Cresce l’opposizione in Confcommercio

12/12/2005
    venerdì9 dicembre 2005

      Pagina 12 Economia & Lavoro

      Cresce l’opposizione in Confcommercio,
      Billè verso l’autosospensione

        Si sta lavorando a un documento di sfiducia da presentare all’assemblea del 21 dicembre. Subito il nuovo successore o creazione di un triumvirato

          di Roberto Rossi / Roma

            POLTRONA È una questione di giorni e Confcommercio potrebbe avere un nuovo presidente. Il regno di Sergio Billè sta volgendo al termine. Il fronte di opposizione interno, che in queste ore sta preparando un documento di sfiducia da presentare alla prossima assemblea del 21 dicembre, si sta gonfiando sempre più. La notifica dell’avviso di garanzia da parte della magistratura di Roma per appropriazione indebita e malagestione del “fondo del presidente” è stato il collante dell’ultima ora.
            Fonti interne alla Confcommercio prospettano lo scenario di un abbandono, con auto sospensione, del presidente la prossima settimana.

            Una mossa non confermata dagli uomini vicini a Billè ma che potrebbe avere una sua logica visto il largo fronte (le associazioni di Milano, Bologna, di Roma, quelle del Veneto e del Trentino) che si sta coalizzando. La logica sarebbe quella di evitare alla prossima assemblea forti lacerazioni proprio sul suo nome. E vista l’impossibilità di ricucire Billè sarebbe disposto a fare un passo indietro prima, evitando, inoltre, un processo interno ancora più dannoso alla sua già deficitaria immagine.
            Nell’ipotesi di un’auto sospensione le strade che si prospettano sono due.

            La prima, quella istituzionale, vorrebbe la creazione di un triumvirato. Questo in ossequio a una vecchia delibera assembleare voluta proprio da Billè qualche mese fa quando il suo ingresso in politica sembrava certo. Il triumvirato sarebbe composto da Carlo Sangalli, presidente dei commercianti di Milano, da Aldo Poli, presidente dell’associazione di Pavia, e dal cuneese Ferruccio Dardanelli.
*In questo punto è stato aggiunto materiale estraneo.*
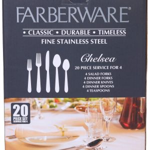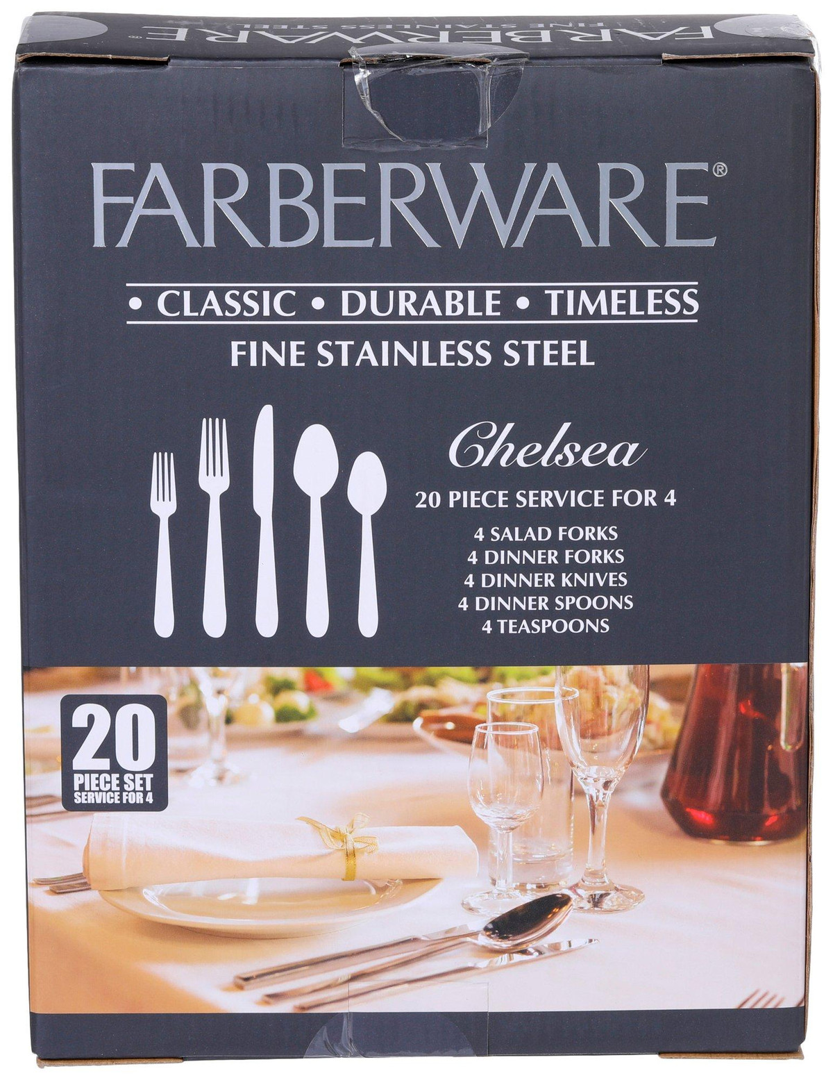 Bring timeless function to your table with the Farberware 20 Piece Stainless Steel Flatware Set, designed to serve 4. This complete set includes salad forks, dinner forks, dinner knives, dinner spoons, and teaspoonsall built for daily durability and polished style. Dishwasher safe and backed by a lifetime warranty, its a dependable choice for casual meals or special gatherings alike.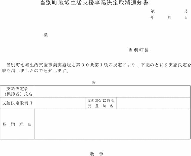 2 町長は、前項の規定による取消しを行なうときは、当別町地域生活支援事業決定取消通知書(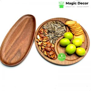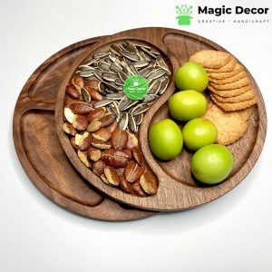 Công dụng đĩa gỗ trang trí hình tròn chia 2 ngăn gỗ óc chó

              Questa via d’uscita però non piace a tutti. Rappresenterebbe una linea di continuità con la precedente gestione, Dardanelli è considerato uomo vicino a Billè, e in questa fase, sostengono fonti interne a Confcommercio, «sarebbe meglio evitare alchimie di palazzo».

                In che modo? Trovando una candidatura alternativa comune. Che ancora non esiste. Perché un conto è coalizzarsi contro Billè un altro è di trovare un sostituto che possa rimpiazzarlo. I nomi circolati finora non hanno trovato un gradimento collettivo. Sangalli, che pure rappresenta l’associazione più forte e con un notevole peso politico specifico, difficilmente si esporrà. Pietro Blondi, presidente dei commercianti emiliani, quello che finora si è esposto di più nella crociata contro Billè, è apprezzato per la sua figura morale ma non ha grande esperienza politica. Poca esperienza anche per il romano Cesare Pambianchi da soli due anni in confederazione.

                  C’è anche la possibilità che Billè resista alle pressioni e non si dimetta. A quel punto la battaglia si sposterebbe in assemblea (che riunisce 110 organizzazioni e 170 federazioni). L’opposizione chiederà, per la prima volta dopo anni, il voto segreto cercando di affossare il bilancio e costringendo Billè alle dimissioni.